__Brief__:
Write the listing out again word for word, leaving each picture behind.

● ● ● ●

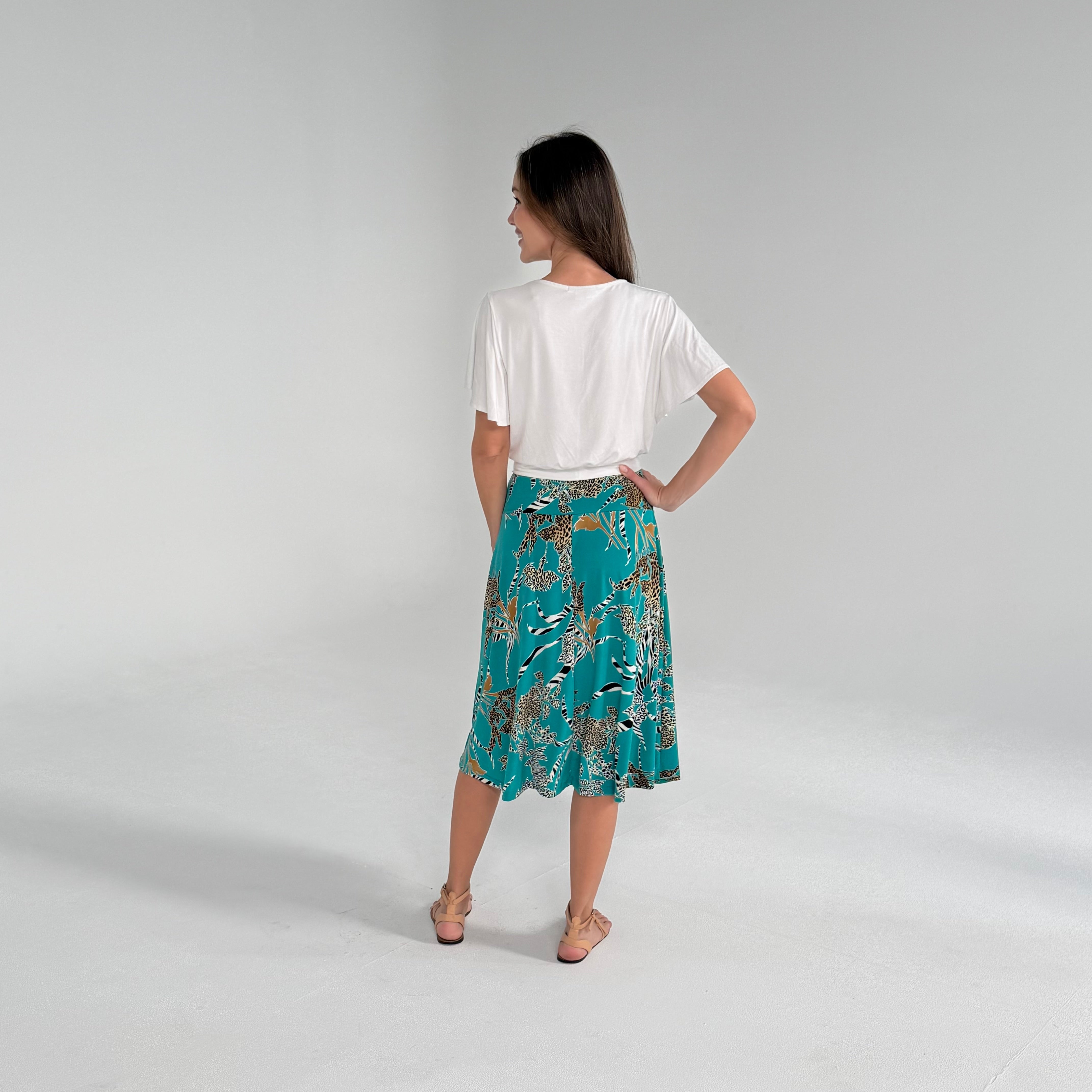Woman wearing a white top and teal floral skirt on a plain background
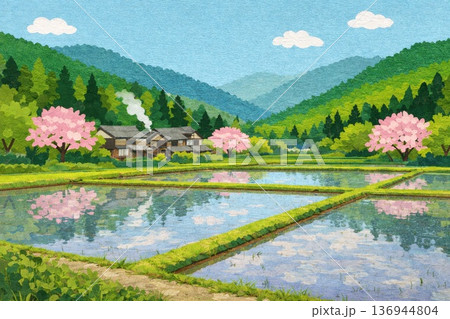 日本の里山風景 田んぼ 田植え 春 貼り絵風
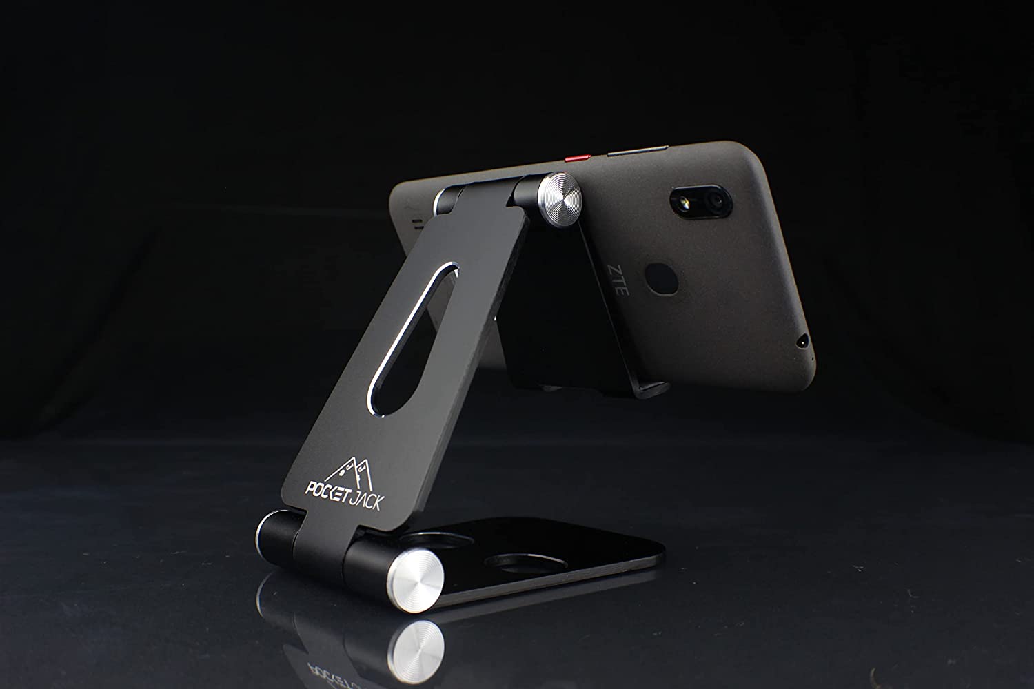 I recently found this awesome tool that I use to keep my phone and tablets at eye level. It is called a Pocket Jack. Pocket Jack is a sleek, beautifully designed phone holder that can hold both your phone and your tablets in a way that will keep your electronics at eye level. This is the perfect solution for minimizing the strain placed on your neck from constantly bending your neck down.
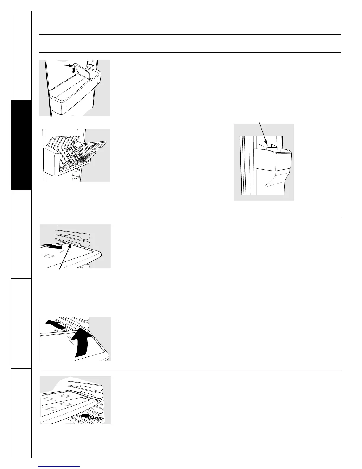 Bacs de porte de réfrigérateur et bacs basculants de porte de congélateur.
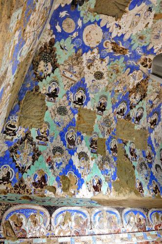 被称为音乐窟的克孜尔石窟第 38号石窟,壁画描绘了龟兹乐队演奏的场景。
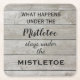 This playful coaster is accented with the cute saying, What Happens Under the Mistletoe Stays Under the Mistletoe, making it a great accessory for your holiday party. This coaster is part of the Mistletoe Holiday Collection.
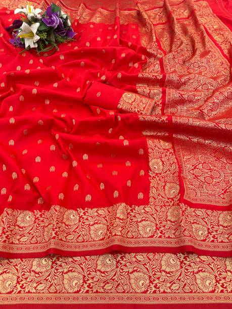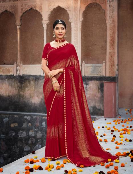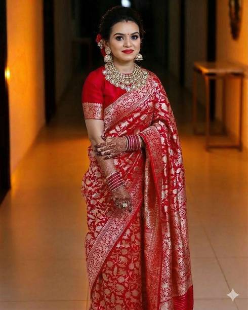 Red sarees for weddings are sought after by many brides for their sheer beauty. Weddings are a great occasion to dress up in an ethereal red saree. Whether you are the bride or one of the bridesmaids, you will want to look your best. The colour red and weddings go hand in hand due to a number of cultural reasons and personal beliefs. Irrespective of whether one wants to believe in them, it cannot be denied that the colour red is striking and magnificent at the same time. There’s not a lot that can go wrong with your wedding ensemble while it contains a red saree. You can pair it with heavy gold jewellery to accentuate its beauty. Given the rich décor at weddings, a magnificent red saree will go very well with the vibe of the occasion. You can pick from a plethora of red sarees for weddings, such as Kanjeevaram, Banarasi Silk, Mysore Silk, handwoven, or temple border to name a few. You may even choose from embroidered sarees, geometric pattern sarees, and chiffon sarees for a more contemporary look. You can shop for the latest red sarees for weddings available from a number of well-known brands like SAARA, 3SIX5, Rola Trendz, Being Banarasi, and Anand. The information you are reading has been last updated on 26-Mar-26.
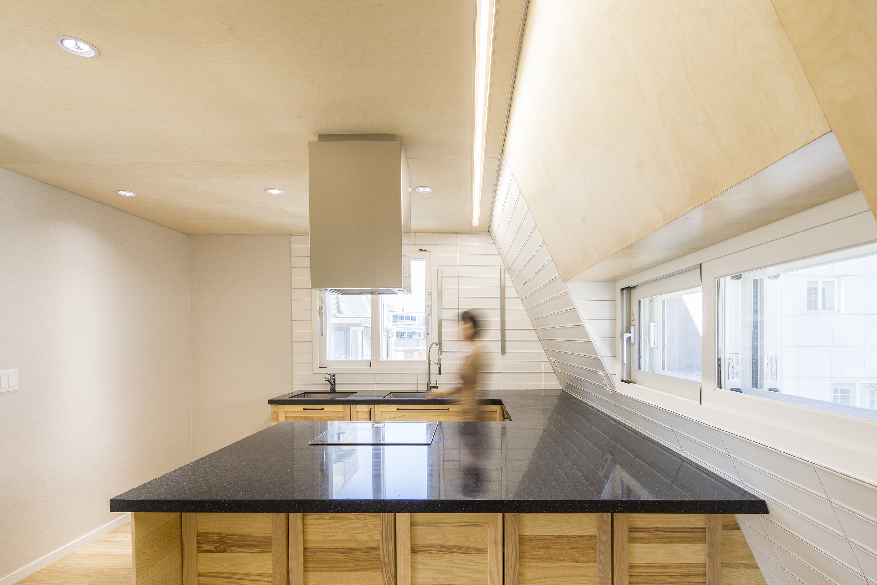 With common spaces of a building of this size, the elevator, stairs and corridor should be exposed at a glance. Spaces where the corridor is bent or darkened was avoided, and a warm-textured pea gravel resin packing was applied. The exterior staircase serves as a staircase that connects the families on the fourth and fifth floors. It avoids the northern sunlight right and connects the terrace, which resembles a courtyard, on the mother’s household on the fourth floor to the fifth floor from the outside. The basic principle of the small rental households called studios is that the spaces must be separated even if a corridor is created, and the lighting of the living room and room are arranged first. Furthermore, a boiler room and laundry room should also be made and separated.
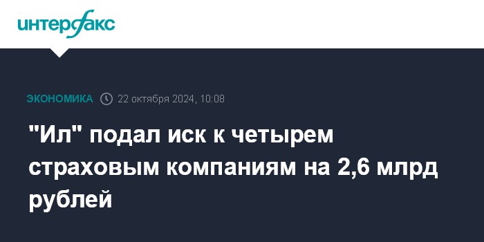 "Ил" подал иск к четырем страховым компаниям на 2,6 млрд рублей
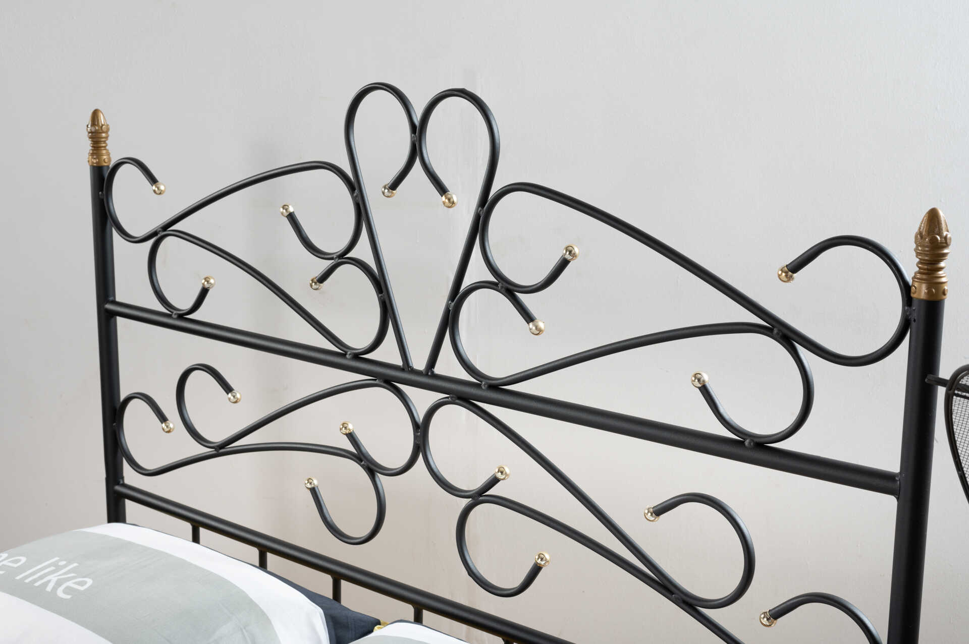 מיטה זוגית ממתכת דגם ברגר מרהיב ביופיו בשילוב פונפוני זהב. בעיצוב מודרני צעיר ושובה עין, במראה צעיר ורענן.
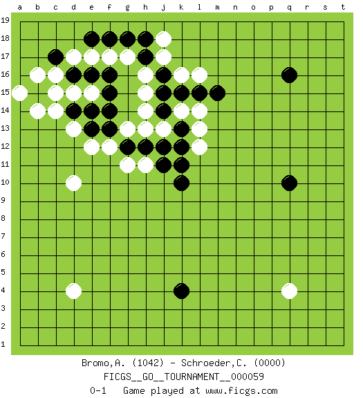 Last move : 0-1 2020 June 2 23:55:24 [Event "FICGS__GO__TOURNAMENT__000059"] [Site "FICGS"] [Date "2020.02.01"] [Round "1"] [Black "Bromo,Alexis"] [White "Schroeder,Christoph"] [Result "0-1"] [Rating 1 "1042"] [Rating 2 "0000"] 1.q16 d4 2.d16 q4 3.q10 d10 4.k4 k16 5.k10 d15 6.c15 c16 7.c17 b16 8.d14 e15 9.e16 c14 10.b15 b14 11.e14 a15 12.f15 c15 13.f16 d13 14.e13 e12 15.f13 f12 16.g12 g11 17.h12 h11 18.j11 g13 19.f14 h13 20.j12 j13 21.k13 k14 22.j14 h14 23.j15 h15 24.j16 h16 25.k15 l14 26.l15 l13 27.k12 l12 28.k11 l16 29.m15 j17 30.h17 g17 31.h18 j18 32.g18 f17 33.f18 e17 34.e18 d17 0-1 This go game has been lost on time (started : 2020.02.01 0:37:32) Here are the names of the openings (joseki) played in the four corners : Corner d16 : d16 d15 Hoshi (Hwajeom, Seongjeom, Xingwei`) 4-4 Point. The star or hoshi (4-4) point, emphasizing influence at the potential expense of territory. Corner q16 : q16 l14 Hoshi (Hwajeom, Seongjeom, Xingwei`) 4-4 Point. The star or hoshi (4-4) point, emphasizing influence at the potential expense of territory. Corner d4 : d4 0-1 Hoshi (Hwajeom, Seongjeom, Xingwei`) 4-4 Point. The star or hoshi (4-4) point, emphasizing influence at the potential expense of territory. Player White won this Go (weiqi, baduk) game. Follow this game move after move (download)Conservative and slow will win. Believe it ! (Anonymous) Opportunities multiply as they are seized. (Sun Tzu)

● ● ● ●

__Exercise response__:
Woman wearing a white top and teal floral skirt on a plain background
 日本の里山風景 田んぼ 田植え 春 貼り絵風
 I recently found this awesome tool that I use to keep my phone and tablets at eye level. It is called a Pocket Jack. Pocket Jack is a sleek, beautifully designed phone holder that can hold both your phone and your tablets in a way that will keep your electronics at eye level. This is the perfect solution for minimizing the strain placed on your neck from constantly bending your neck down.
 Bacs de porte de réfrigérateur et bacs basculants de porte de congélateur.
 被称为音乐窟的克孜尔石窟第 38号石窟,壁画描绘了龟兹乐队演奏的场景。
 This playful coaster is accented with the cute saying, What Happens Under the Mistletoe Stays Under the Mistletoe, making it a great accessory for your holiday party. This coaster is part of the Mistletoe Holiday Collection.
 Red sarees for weddings are sought after by many brides for their sheer beauty. Weddings are a great occasion to dress up in an ethereal red saree. Whether you are the bride or one of the bridesmaids, you will want to look your best. The colour red and weddings go hand in hand due to a number of cultural reasons and personal beliefs. Irrespective of whether one wants to believe in them, it cannot be denied that the colour red is striking and magnificent at the same time. There’s not a lot that can go wrong with your wedding ensemble while it contains a red saree. You can pair it with heavy gold jewellery to accentuate its beauty. Given the rich décor at weddings, a magnificent red saree will go very well with the vibe of the occasion. You can pick from a plethora of red sarees for weddings, such as Kanjeevaram, Banarasi Silk, Mysore Silk, handwoven, or temple border to name a few. You may even choose from embroidered sarees, geometric pattern sarees, and chiffon sarees for a more contemporary look. You can shop for the latest red sarees for weddings available from a number of well-known brands like SAARA, 3SIX5, Rola Trendz, Being Banarasi, and Anand. The information you are reading has been last updated on 26-Mar-26.
 With common spaces of a building of this size, the elevator, stairs and corridor should be exposed at a glance. Spaces where the corridor is bent or darkened was avoided, and a warm-textured pea gravel resin packing was applied. The exterior staircase serves as a staircase that connects the families on the fourth and fifth floors. It avoids the northern sunlight right and connects the terrace, which resembles a courtyard, on the mother’s household on the fourth floor to the fifth floor from the outside. The basic principle of the small rental households called studios is that the spaces must be separated even if a corridor is created, and the lighting of the living room and room are arranged first. Furthermore, a boiler room and laundry room should also be made and separated.
 "Ил" подал иск к четырем страховым компаниям на 2,6 млрд рублей
 מיטה זוגית ממתכת דגם ברגר מרהיב ביופיו בשילוב פונפוני זהב. בעיצוב מודרני צעיר ושובה עין, במראה צעיר ורענן.
 Last move : 0-1 2020 June 2 23:55:24 [Event "FICGS__GO__TOURNAMENT__000059"] [Site "FICGS"] [Date "2020.02.01"] [Round "1"] [Black "Bromo,Alexis"] [White "Schroeder,Christoph"] [Result "0-1"] [Rating 1 "1042"] [Rating 2 "0000"] 1.q16 d4 2.d16 q4 3.q10 d10 4.k4 k16 5.k10 d15 6.c15 c16 7.c17 b16 8.d14 e15 9.e16 c14 10.b15 b14 11.e14 a15 12.f15 c15 13.f16 d13 14.e13 e12 15.f13 f12 16.g12 g11 17.h12 h11 18.j11 g13 19.f14 h13 20.j12 j13 21.k13 k14 22.j14 h14 23.j15 h15 24.j16 h16 25.k15 l14 26.l15 l13 27.k12 l12 28.k11 l16 29.m15 j17 30.h17 g17 31.h18 j18 32.g18 f17 33.f18 e17 34.e18 d17 0-1 This go game has been lost on time (started : 2020.02.01 0:37:32) Here are the names of the openings (joseki) played in the four corners : Corner d16 : d16 d15 Hoshi (Hwajeom, Seongjeom, Xingwei`) 4-4 Point. The star or hoshi (4-4) point, emphasizing influence at the potential expense of territory. Corner q16 : q16 l14 Hoshi (Hwajeom, Seongjeom, Xingwei`) 4-4 Point. The star or hoshi (4-4) point, emphasizing influence at the potential expense of territory. Corner d4 : d4 0-1 Hoshi (Hwajeom, Seongjeom, Xingwei`) 4-4 Point. The star or hoshi (4-4) point, emphasizing influence at the potential expense of territory. Player White won this Go (weiqi, baduk) game. Follow this game move after move (download)Conservative and slow will win. Believe it ! (Anonymous) Opportunities multiply as they are seized. (Sun Tzu)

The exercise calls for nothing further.